The consolidation, if approved, would result in an estimated savings of $6.8 million by closing the Dallas Processing and Distribution Center and cutting nearly 1,000 jobs there.

A public meeting on the proposal is scheduled for 7 p.m. Dec. 8 at the Grapevine Convention Center.

Faced with a 20 percent decline in first-class mail since 2006, the Postal Service is exploring ways to cut costs and close a massive operating deficit that resulted in a $5.1 billion loss in the fiscal year that ended Sept. 30.

"I strongly emphasize this is a proposal," Sam Bolen, a Postal Service spokesman in Austin, said Wednesday. "We're looking at all of our mail-processing centers across the country."

As part of the proposed reorganization, all the mail from North Texas that now comes into the Fort Worth Processing and Distribution Center and its counterpart in Dallas to be canceled and sorted would instead go through the Coppell distribution center. Other mail-processing and sorting duties now handled in Dallas would be shifted to Fort Worth.

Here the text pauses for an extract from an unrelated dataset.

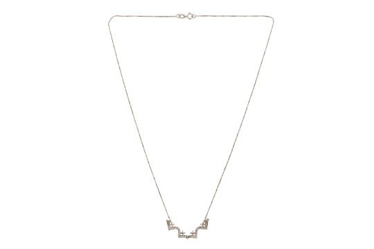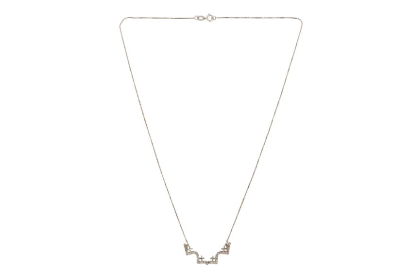 A JERUSALEM DIAMOND PENDANT NECKLACE, The single-cut diamond set pendant, made of four magnetic triangular-shaped articulated components, which link all together to form a square-shaped cross, to a fine box chain and a bolt clasp, pendant stamped Jerusalem 14K, maker's mark on the chain, stamped Italy 14K, length 40.0cm, weight 2.5 grams, together with its original purchase receipt

The changes would result in a net increase of about 460 jobs in Coppell and Fort Worth, Bolen said, and a loss of about 980 in Dallas.

Bolen said it's too early to know how many new jobs would be created at each facility. The Fort Worth facility, at 4600 Mark IV Parkway, has 1,224 employees.

To help close the operating deficit, postal officials are trying to reorganize the entire system.

They want Congress' permission to reduce mail delivery to five days a week and close many smaller post offices and other facilities. Although the Postal Service does not receive any direct U.S. funds appropriated by Congress, it does cover its losses by borrowing from the U.S. Treasury.

One result of the proposed changes in Dallas-Fort Worth would be that first-class mail would go from next-day delivery to two-day delivery in a roughly 200-mile radius.

Bolen said that if the proposal is adopted, it would likely be implemented in mid-2012.